Worries arose over the quality of the buildings put up as part of China's social housing program for the poor after substandard walls were found in a project for shantytown dwellers in Baotou city, the Inner Mongolia Autonomous Region.
The project, in the Binhe district and developed by the Shenhua Group Corp Ltd (Shenhua Group), was specially constructed for shantytown dwellers in Shiguai district, a main coalfield area in the city.
The 1,200,000-square-meter project contains 226 buildings, which can accommodate 39,000 people, as well as a school and a hospital, according to the company's website.
Work on the project lasted for two years and finished in 2010. More than 5,000 families have since moved in.
Doubts began to form over the quality of the buildings when 451 families living there complained that the surface of their walls had cracked and peeled off in places, Xinhua News Agency reported on Saturday.
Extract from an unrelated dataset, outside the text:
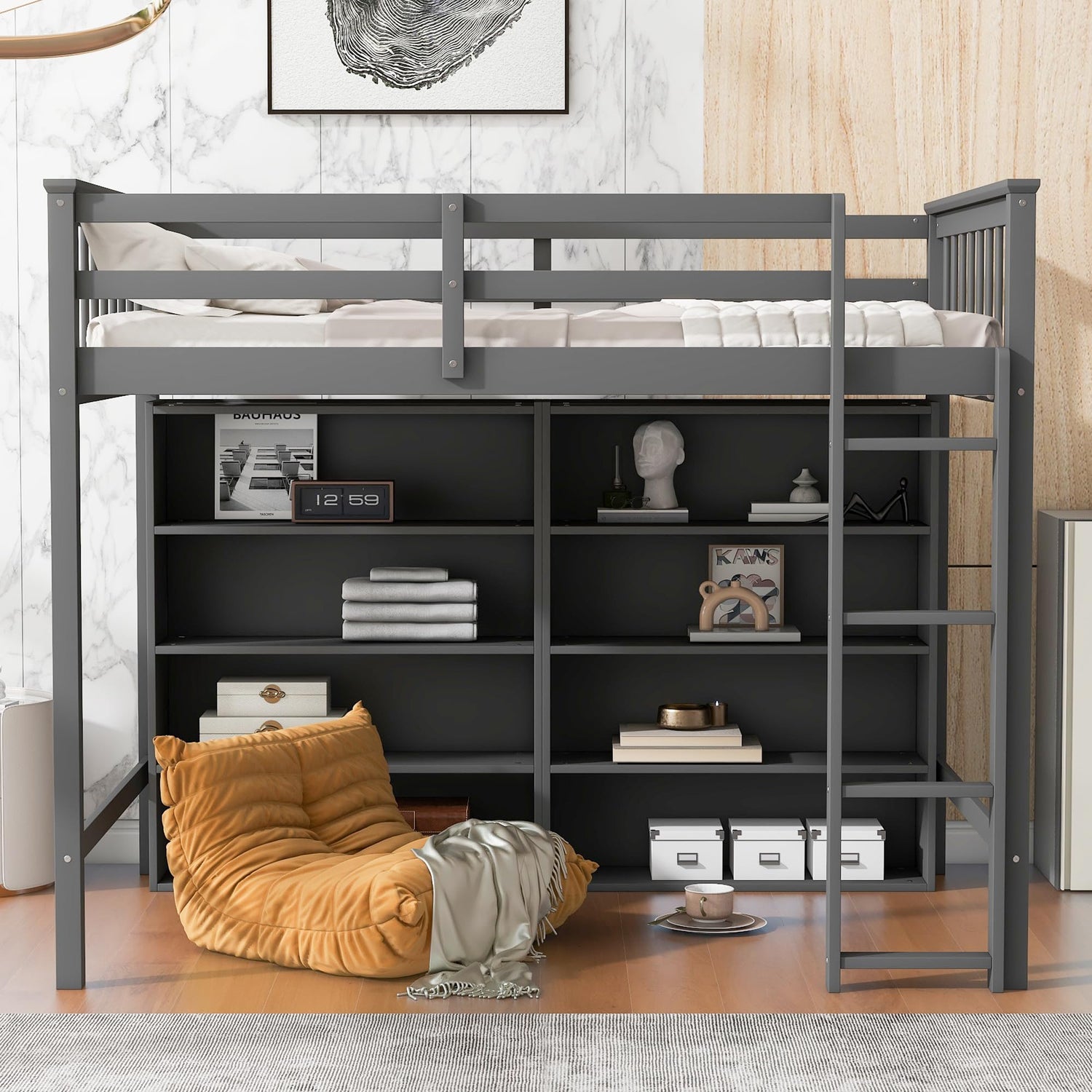 SOFTSEA Twin Size Grey Loft Bed with Open Storage and Ladder for Kids

"The walls easily peel when I touch them and small pieces of plaster from the walls break up very easily," Huang Shaoting, a local resident who moved in in September, told Xinhua.
"I spent all my savings and borrowed another 70,000 yuan ($10,756) from my relatives and my child for the apartment. I planned to live a happy life in the new house, and I never thought I would be faced with troubles arising from poor construction right after I had moved in.
"(The wall peels off) partly because of the use of too much mortar, an additive which helps cement become sticky, so it can easily be daubed on the wall," an insider in the building industry, who requested anonymity, told China Daily on Sunday.
Mortar is often used because it is cheap, he added.